Einführung in die mathematische Logik
Hans Hermes
5. Auflage, 1991, B.G. Teubner, Stuttgart
Das in erster Linie für den Mathematiker gedachte Buch "Einführung in die mathematische Logik" von
H. Hermes eignet sich auch für den Studenten der Informatik, da in den ersten Semestern die Theoretische
Informatik mit Schwerpunkt "Logik" einen hohen Stellenwert einnimmt. Der Autor führt den Leser recht
schnell in die Prädikatenlogik ein, setzt jedoch Kenntnisse in der modernen Mathematik (Ring- , Körper-
und Verbandstheorie, induktive Beweise, etc.) voraus. Der erste Teil des Buches umfasst neben einigen
Beispielen für mathematische Beweise, den Folgerungsbegriff, Logikkalküle und die Symbolisierung
mathematischer Aussagen. Die Sprache der Prädikatenlogik (Terme und Ausdrücke, Entscheidbarkeitsfragen,
induktive Beweise und Defintionen) sowie ihre Semantik werden in den nächsten zwei Kapiteln dem Leser näher
gebracht, wobei hier der Autor viele Beispiele anführt. Die nächsten Kapitel umfassen das Prädikatenkalkül,
den Gödelschen Vollständigkeitssatz sowie das Peanosche Axiomensystem (Logik 2. Stufe). Für den
fortgeschrittenen Mathematiker kommen besonders die letzten zwei Absätze des Buches, welche die Erweiterung
der Sprache sowie bekannte Sätze von Robinson, Craig und Beth beinhalten, zugute.

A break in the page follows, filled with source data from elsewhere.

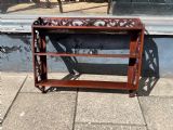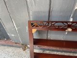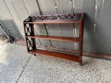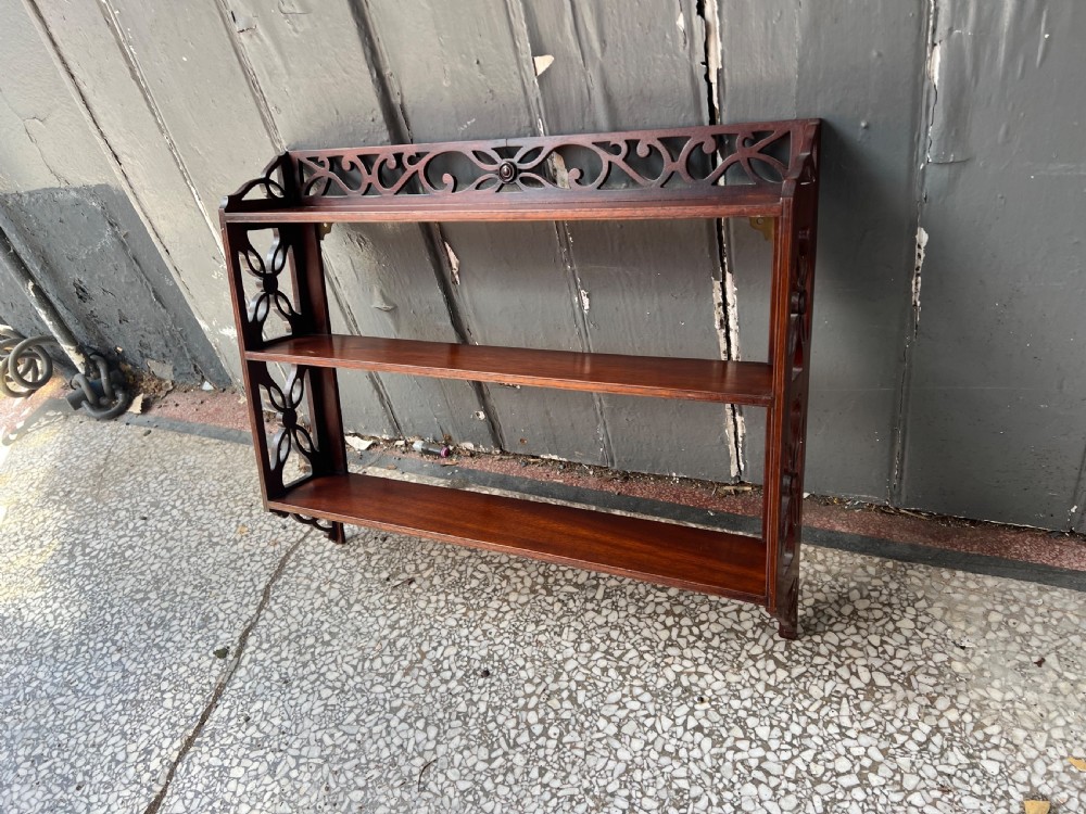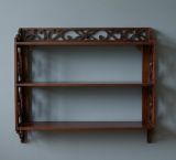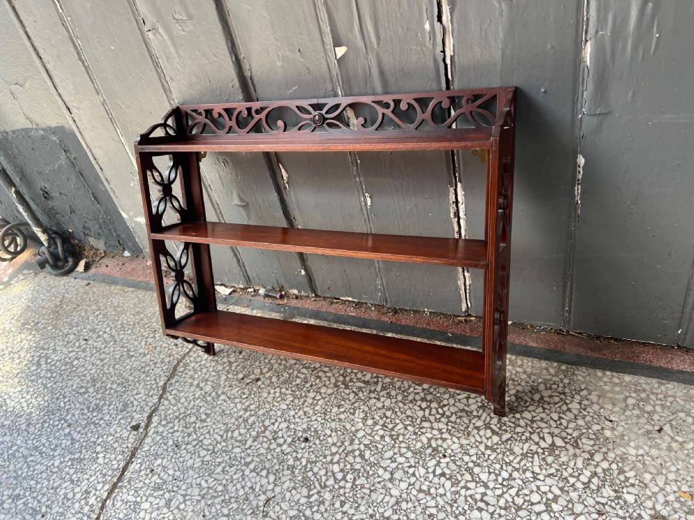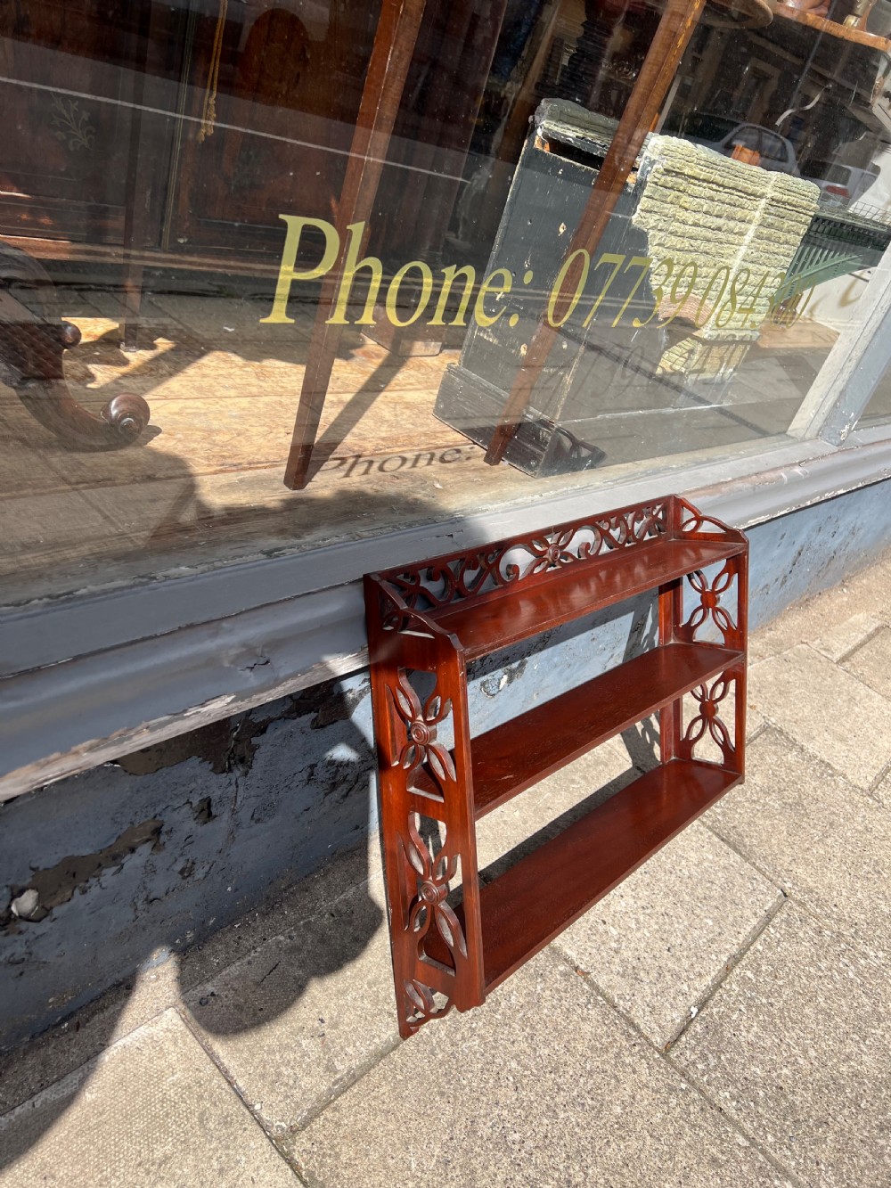 A C19th mahogany and fretwork wall mounted set of three shelves from the regency period Measuring Height 49 cms ( total ) Distance between shelves 17 cms and 14 cms Width 60 cms Depth 11 cms Condition Good, no damage to the fretwork Strong structure Delivery can easily be arranged for this item smaller items are generally sent free of charge to the uk, larger items can be sent via a courier, I keep this service as cheap as possible, the larger items are picked up and delivered to you within 7-10 days should you require a quicker delivery expect to pay at least double the normal cost. If you are unhappy with any item I offer a full money back guarantee once the item is safely back in my possession and undamaged as a result of misuse. Please feel free to ring me with any queries you may have, I'm always happy to discuss anything to do with antiques !! Opening hours Thursday to Saturday 10am - 6pm. Or by appointment.
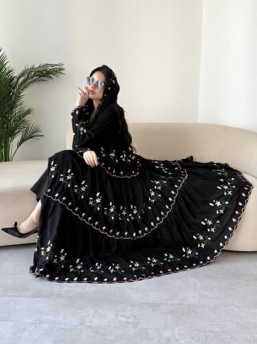 Z297 / قماش كريب وشيفون مطرز ثلاث طبقات وطرف الكم
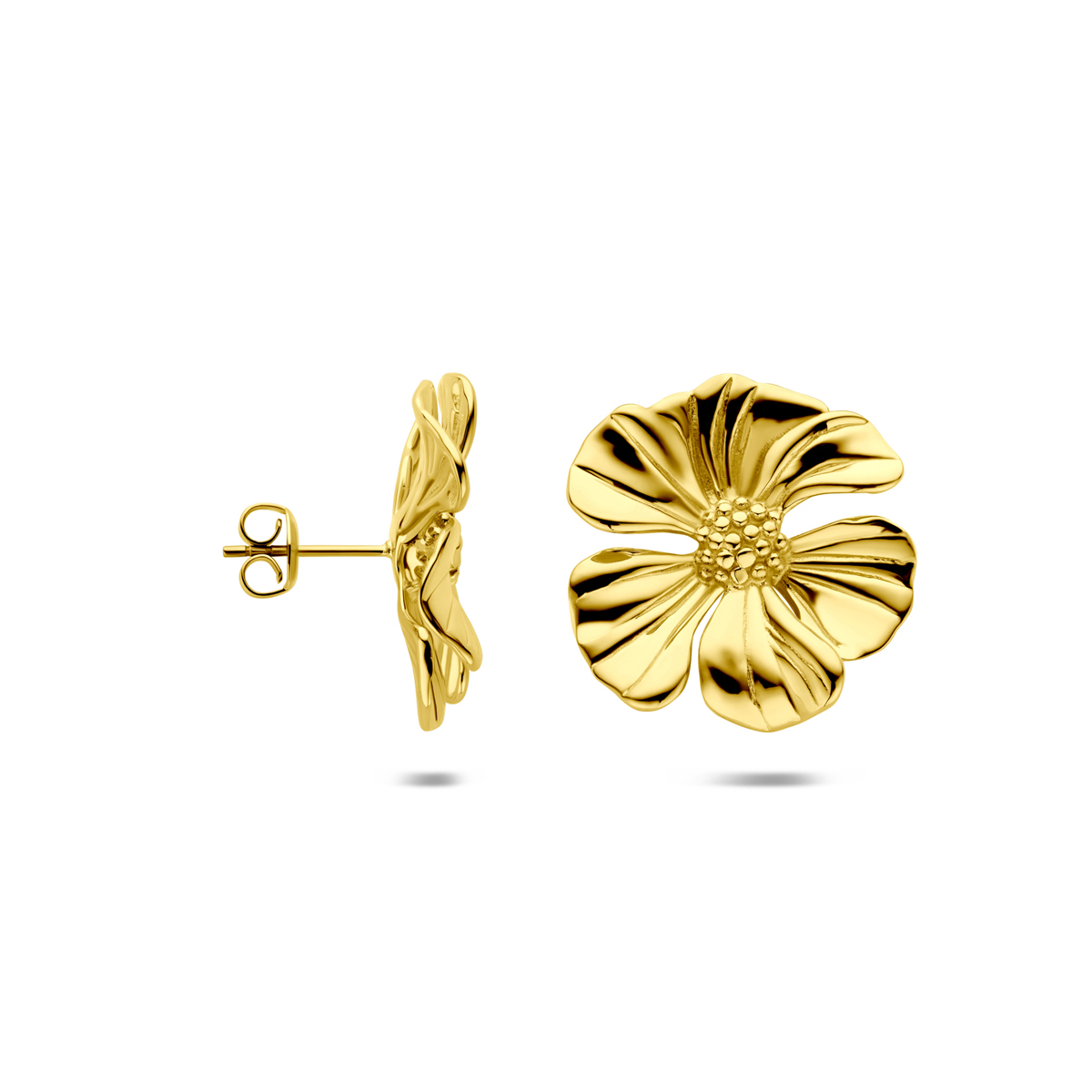 Stalen oorknoppen uitgevoerd in de vorm van een bloem. De oorknoppen hebben een diameter van 26mm en een geel gekleurde ion plating.
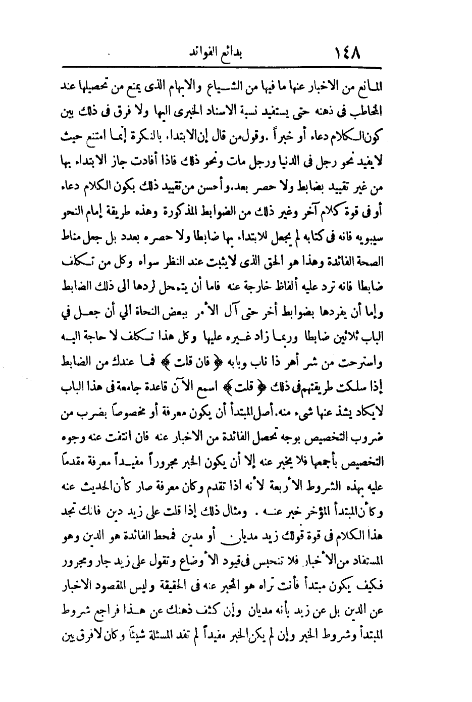 المانع من الإخبار عنها ما فيها من الشياع والإبهام الذي يمنع من تحصيلها عند المخاطب في ذهنه حتى يستفيد نسبة الإسناد الخبري إليها ولا فرق في ذلك بين كون الكلام دعاء أو خبرا وقول من قال: إن الابتداء بالنكرة إنما امتنع حيث لا يفيد نحو رجل في الدنيا ورجل مات ونحو ذلك فإذا أفادت جاز الابتداء بها من غير تقييد بضابط ولا حصر بعد وأحسن من تقييد ذلك بكون الكلام دعاء أو في قوة الكلام آخر وغير ذلك من الضوابط المذكورة وهذه طريقة إمام النحو سيبويه فإنه في كتابه لم يجعل للابتداء بها ضابطا ولا حصره بعدد بل جعل مناط الصحة الفائدة وهذا هو الحق الذي لا يثبت عند النظر سواه وكل من تكلف ضابطا فإنه ترد عليه ألفاظ خارجة عنه فإما أن يتمحل لردها إلى ذلك الضابط وإما أن يفردها بضوابط أخرى حتى آل الأمر ببعض النحاة إلى أن جعل في الباب ثلاثين ضابطا وربما زاد غيره عليها وكل هذا تكلف لا حاجة إليه واسترحت من شر أهر ذا ناب وبابه قاعدة جامعة في الابتداء فإن قلت: فما عندك من الضابط إذا سلكت طريقتهم في ذلك قلت: اسمع الآن قاعدة جامعة في هذا الباب لا يكاد يشذ عنها شيء منه أصل المبتدأ أن يكون معرفة أو مخصوصا بضرب من ضروب التخصيص بوجه تحصل الفائدة من الإخبار عنه فإن انتفت عنه وجوه التخصيص بأجمعها فلا يخبر عنه إلا أن يكون الخبر مجرورا مفيدا معرفة مقدما عليه بهذه الشروط الأربعة لأنه إذا تقدم وكان معرفة صار كأن الحديث عنه وكأن المبتدأ المؤخر خبر عنه ومثال ذلك إذا قلت: على زيد دين فإنك تجد هذا الكلام في قوة قولك زيد مديان أو مدين فمحط الفائدة هو الدين وهو المستفاد من الإخبار فلا تنحس في قيود الأوضاع وتقول على زيد جار ومجرور فكيف يكون مبتدأ فأنت تراه هو المخبر عنه في الحقيقة وليس المقصود الإخبار عن الدين بل عن زيد بأنه مديان وإن كثف ذهنك عن هذا فراجع شروط المبتدأ وشروط الخبر وإن لم يكن الخبر مفيدا لم تفد المسألة شيئا وكان لا فرق بين

Am Anschluss eines jeden Kapitels kann der Leser sein Wissen anhand vieler Fragen testen. Negativ fällt hier
jedoch auf, das kein Anhang mit Lösungen dem Buch beliegt.
Das Buch stellt gegenüber dem grossen Standardwerk der Logik von Asser eine sinnvolle Erweiterung dar. Positiv
sind hier vorallem die weitergehenden Überlegungen des Autors (die letzten Kapitel) anzusehen.